→ ASSIGNED TASK
Only the pictures are to be left out; please reproduce everything else in the data exactly.

________________

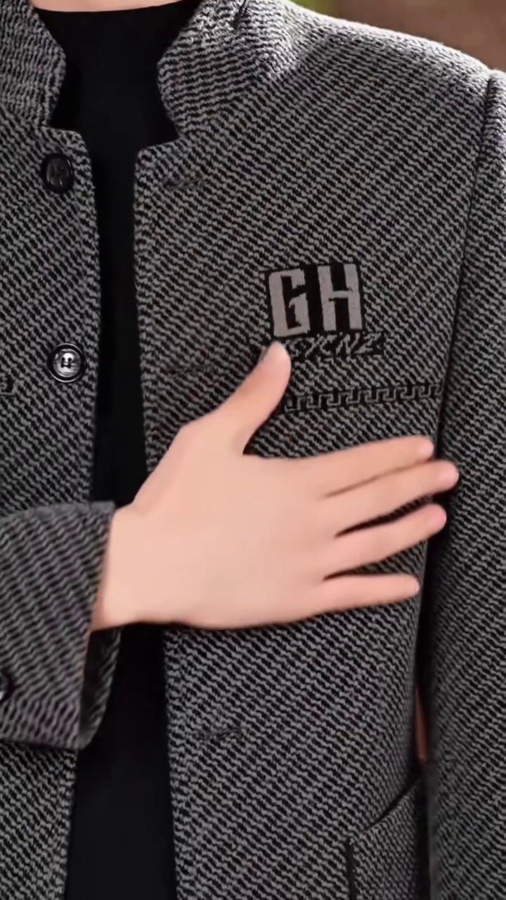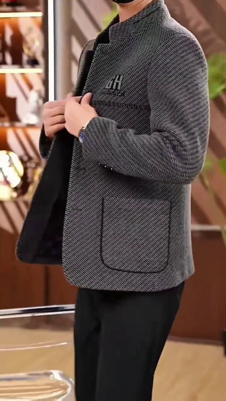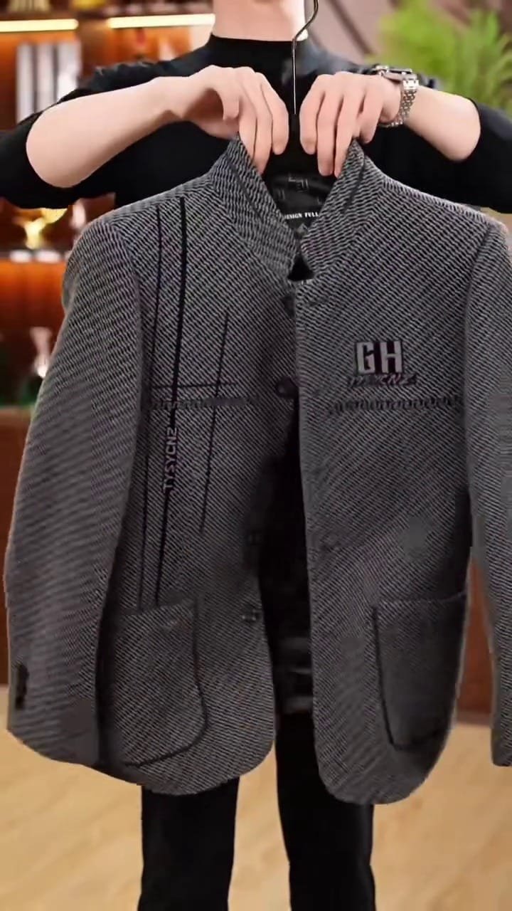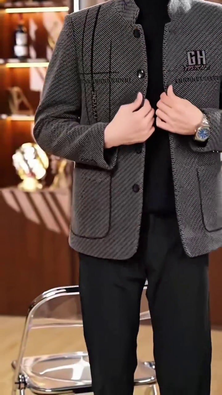 Be the first to review “Men’s Grey Herringbone Plaid Stand Collar Jacket”
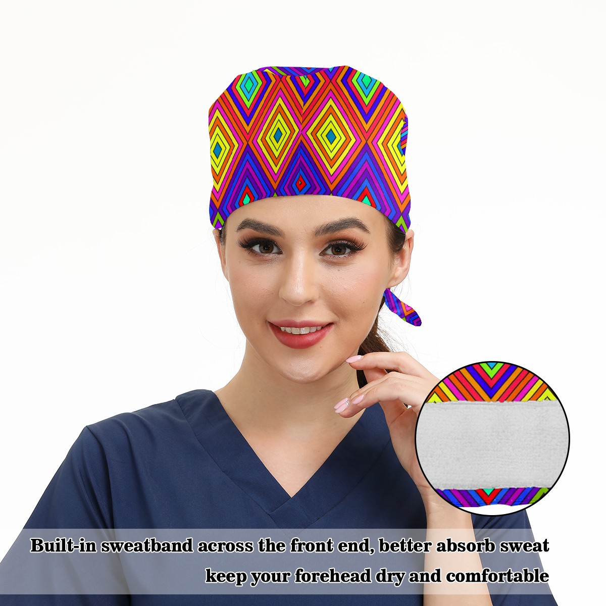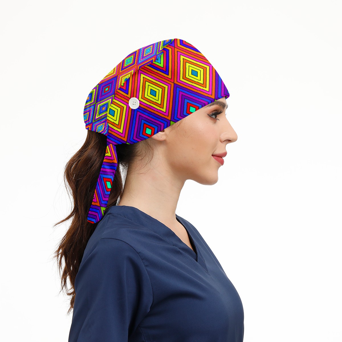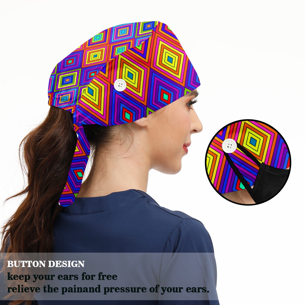 Working Caps with Button & Sweatband Satin Lined Cotton Adjustable Nurse Hats Elastic Band Scrub Cap Surgeon Hat Colorful Psychedelic Squares Pattern
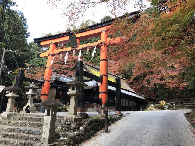 霊峰・愛宕山の玄関口に佇む茅葺屋根と鳥居の紅葉「嵯峨鳥居本」
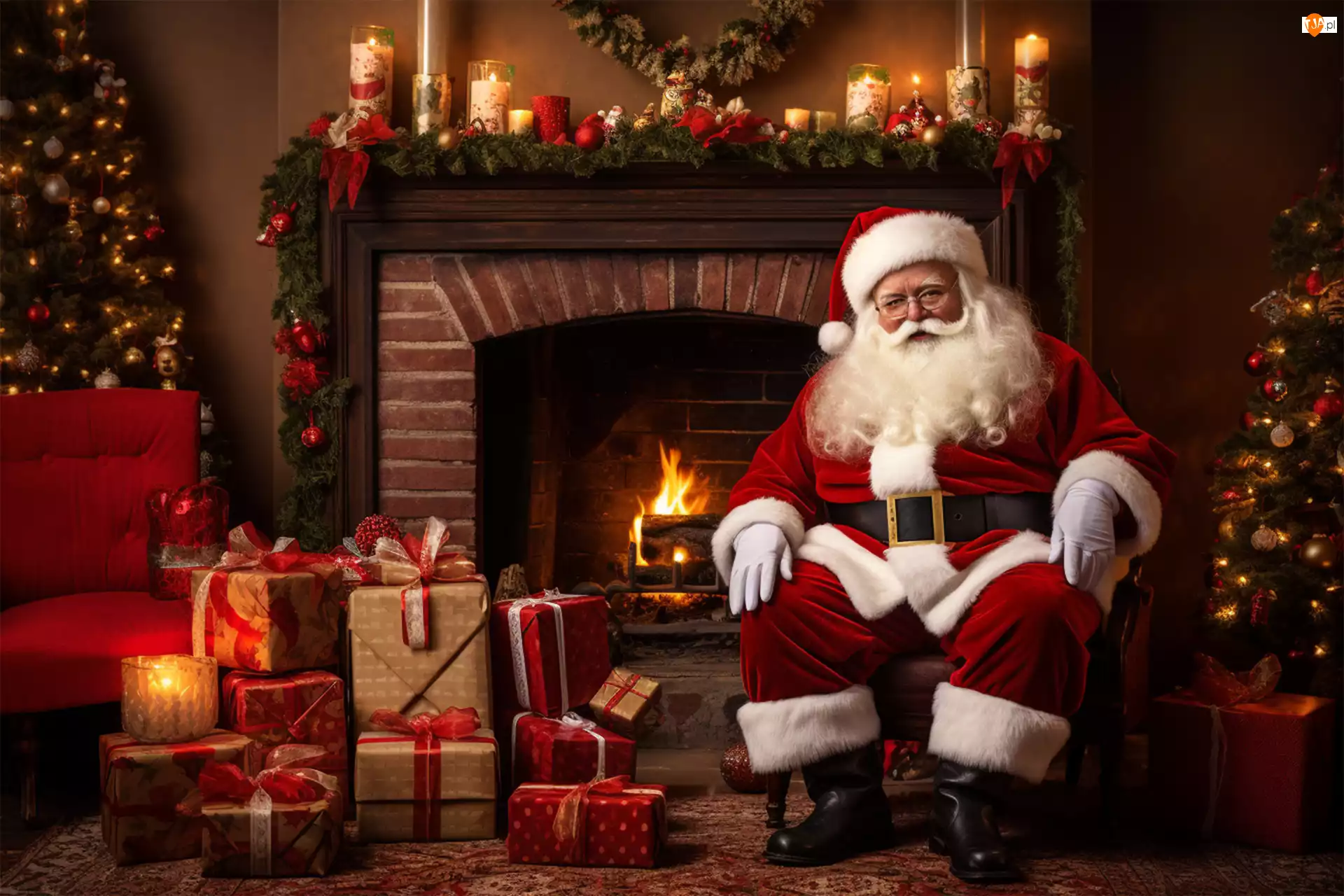 Mikołaj i prezenty przy kominkiem
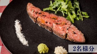 牛肉本来の旨みがしっかりと感じられるため、塩と香草のいたってシンプルな味付け。噛みしめるたびに、上品でとろけるような食感と牛肉のコクを楽しめます。お好みで塩やわさびをつけてアレンジしてみてください。
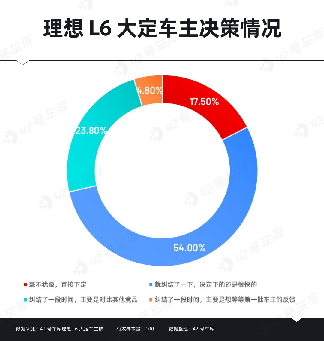 在购车决策方面受访者表达了对理想 L6 的认同情况,有 54% 的大定用户表示「就纠结了一下,下定还是很快的」,其次是「纠结了一段时间,主要是对比其他竞品」的大定用户占比为 23.8%,甚至有 17.5% 的用户好不犹豫直接下定,等第一批车主反馈的用户极少,这与理想 L789 在之前打下的口碑密不可分。
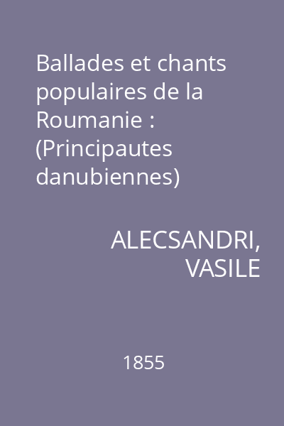 recueillis et traduits par V. Alecsandri

________________

→ SOLUTION
 Be the first to review “Men’s Grey Herringbone Plaid Stand Collar Jacket”
 Working Caps with Button & Sweatband Satin Lined Cotton Adjustable Nurse Hats Elastic Band Scrub Cap Surgeon Hat Colorful Psychedelic Squares Pattern
 霊峰・愛宕山の玄関口に佇む茅葺屋根と鳥居の紅葉「嵯峨鳥居本」
 Mikołaj i prezenty przy kominkiem
 牛肉本来の旨みがしっかりと感じられるため、塩と香草のいたってシンプルな味付け。噛みしめるたびに、上品でとろけるような食感と牛肉のコクを楽しめます。お好みで塩やわさびをつけてアレンジしてみてください。
 在购车决策方面受访者表达了对理想 L6 的认同情况,有 54% 的大定用户表示「就纠结了一下,下定还是很快的」,其次是「纠结了一段时间,主要是对比其他竞品」的大定用户占比为 23.8%,甚至有 17.5% 的用户好不犹豫直接下定,等第一批车主反馈的用户极少,这与理想 L789 在之前打下的口碑密不可分。
 recueillis et traduits par V. Alecsandri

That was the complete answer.